Trust reform is taking a heavy toll on the national treasury. The administration has requested $554 million in the 2004 budget to reform the trust fund, an increase of $183.3 million above the $370.2 million that was set aside in 2003. In a recent letter from the Indian Affairs Committee, Sen. Ben Nighthorse Campbell (R-Colo.), urged a speedy settlement and predicted that Congress would intervene soon and negotiate a settlement if the suit was not resolved.

Support for Cobell's efforts in the Native American community is far from universal, however, and this may prove the greatest remaining obstacle to a fair and final settlement. Because part of her team's efforts involve removing trust responsibilities from the BIA and Interior, some worry that this could provide grounds for terminating the government's trust relationship with tribes that depend on funding.

In March, five tribal chairmen published an article in Indian Country Today, the nation's leading Native American newspaper, alleging that the Cobell suit was employing "scorched-earth" tactics, and that "an attorney for the plaintiffs has publicly stated that the Cobell suit has the potential to destroy tribal governments."

The concerns of the chairmen seem to hinge on three main assertions: that the tactics of the Cobell legal team are akin to "warfare;" that the Cobell team has not utilized opportunities for diplomacy and negotiation to the fullest extent; and that in requesting a third-party receiver to resolve the trust's problems (taking it away from the Interior and BIA) without first consulting tribes, Cobell and Co. demonstrated a disregard for tribal governments.

A reply written a week later by Cobell and John Echohawk, the executive director of the Native American Rights Fund, pointed out that the "consultation, communication and cooperation" urged by the chairmen in their letter are doomed to failure because of the Interior's manifest, well-documented bad faith. In defending the "warlike" decision to bring the authority of a federal court to bear on the Interior, the letter reasoned, "Our approach is to ensure accountability when people mismanage Indian assets and that can no more be described as 'scorched earth' than holding Enron and Arthur Anderson executives accountable for their misdeeds."

"It is curious that now, when a multi-billion dollar judgment and accountability seems inevitable, officials within the Interior are pushing the notion that there is 'no end' and that a congressionally forced 'settlement' is the only solution. Tribal leaders and Indian people must not fall for this ploy" the letter closed, "and must see these actions for what they are -- an attempt to get Congress to step in at the eleventh hour and bail out the government. ...We cannot allow the Interior Department, their proxies, or anyone to 'divide and conquer us.' The government is losing and they are desperate. They are banking on being able to make us war against one another. [But] what's wrong with the Indians winning for once instead of the cavalry?"

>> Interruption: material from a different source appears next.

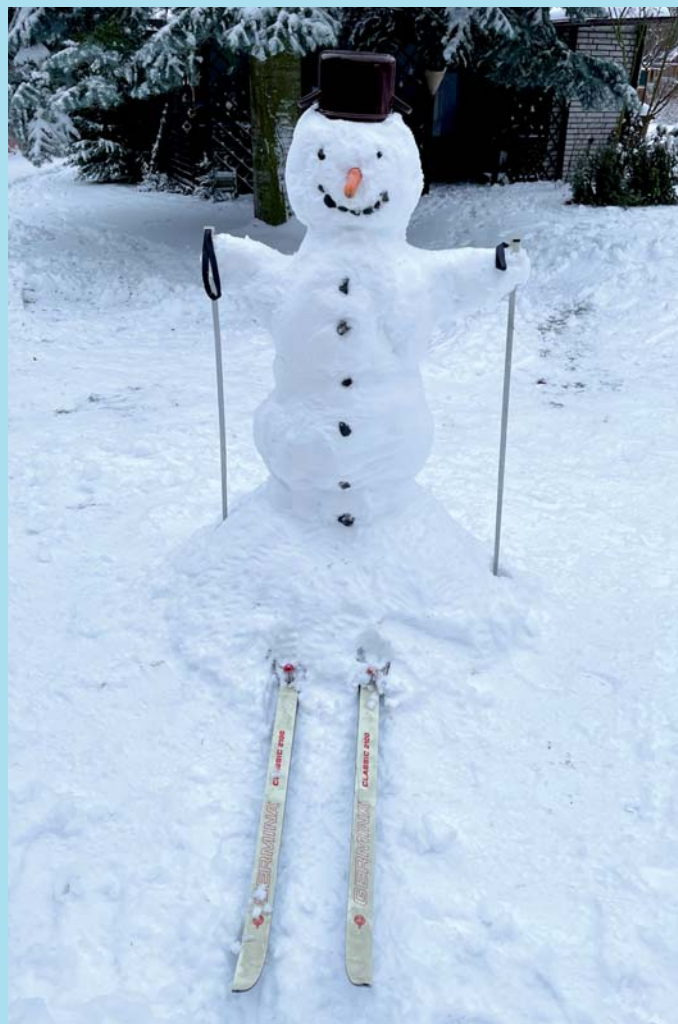
Běžkařský sněhulák.
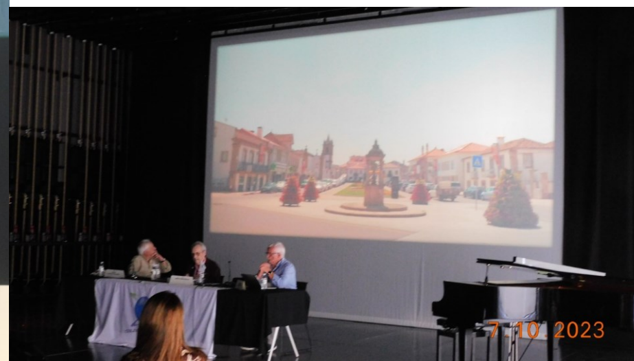
38º Ribeira Grande 2023

As the suit draws slowly to a close, the extraordinary scenario of the Indians winning for a change seems closer and closer to being a reality. "I've heard from friends that the government thinks I'm tired and that they'll wear me down, so that I'll just go away," says Cobell.

Just outside her hometown is a marker that tells the story of the winter of 1884, when 500 Blackfoot died of starvation and exposure while awaiting government-promised supplies. They were buried in a mass grave now called Ghost Ridge. During the more difficult stages of the lawsuit, Cobell said she visits Ghost Ridge to reflect on her ancestors who perished in the cold almost 120 years ago, while waiting for the government's good will.

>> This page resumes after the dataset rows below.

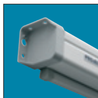
Встроенные монтажные кронштейны
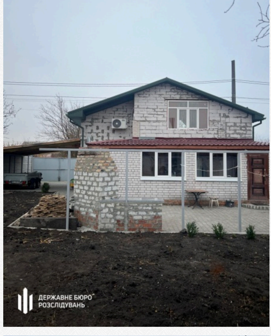
Державне бюро розслідувань
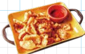
Chicharrón 550yen チチャロンチップス メキシコ屋台スナックの定番
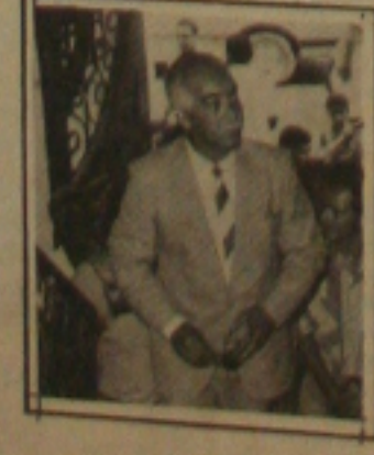
(Página 01 - 2º Caderno)

O período letivo de 89 na Universidade foi suspenso e as aulas só serão retomadas no próximo mês de agosto. Com isto os aprovados no vestibular de 89, para o 2º semestre, só irão estudar no próximo ano, enquanto que o vestibular-90 só ofertará 50 por cento das vagas.

With that lesson from history firmly in mind, it seems unwise for the government to bet on Eloise Cobell or her team going away any time soon.

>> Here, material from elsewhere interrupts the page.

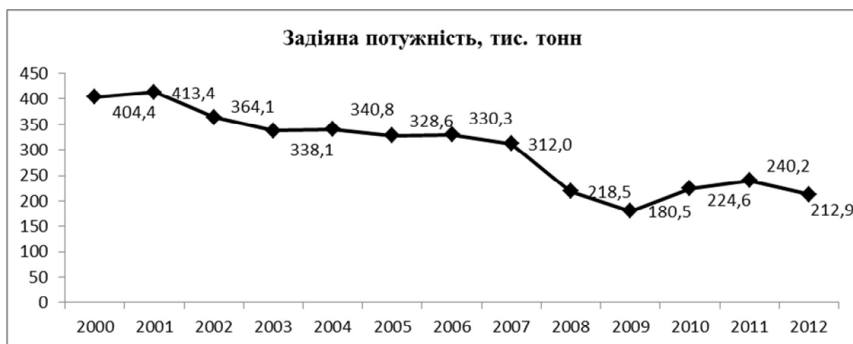
Рисунок 2 – Динаміка виробничої потужності цукрових заводів, тис. т

Динаміка зміни сумарної виробничої потужності працюючих цукрових заводів в Україні протягом 2000–2012 рр. представлена на рис. 2.
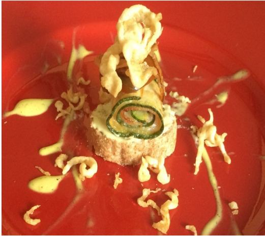
Alteza de Calabacín al Queso

Brian Awehali is a freelance writer and the editor of LiP Magazine.

Held in Contempt

Since 1887, the U.S. government has been entitled to lease Indian lands and utilize their natural resources for everything from logging and mining to grazing cattle to pumping oil.
Today, the government does a brisk business in leasing, as royalties from the use of the land add up to more than $1 billion annually.

According to the Interior Department's own figures, 56 million acres of Indian land are now held in "trust" by the U.S. government, which is charged with redistributing most of those royalties to the individuals and tribes whose lands are being leased. Altogether, the Department of the Interior manages over 100,000 leases for approximately 236,000 Individual Indian Money (IIM) account holders--in addition to 1,400 tribal accounts.

Individuals and tribes alike depend on these trust fund disbursements for rent, food, and the basic operation of social services in Indian Country.

The problem: Sometimes those checks arrive, and sometimes they don't. Sometimes the checks might arrive for hundreds or thousands of dollars, and sometimes those checks might only amount to pennies on the dollar. On Indian reservations, the problem has reached crisis levels; a check written out for a smaller amount than expected--or no check at all--can mean the difference between housing and homelessness.

All the while, the Interior Department's officials have made it clear that they're not sure how to fix a broken trust disbursement system, much less how much money is missing, or where the missing funds have gone. For their part, lawyers representing hundreds of thousands of Indians in the largest-ever class-action lawsuit against the government have put the cumulative total at $137.2 billion owed.

No matter what the final figure, there's no doubt that the nation's single most impoverished ethnic group could use a bit of that cash.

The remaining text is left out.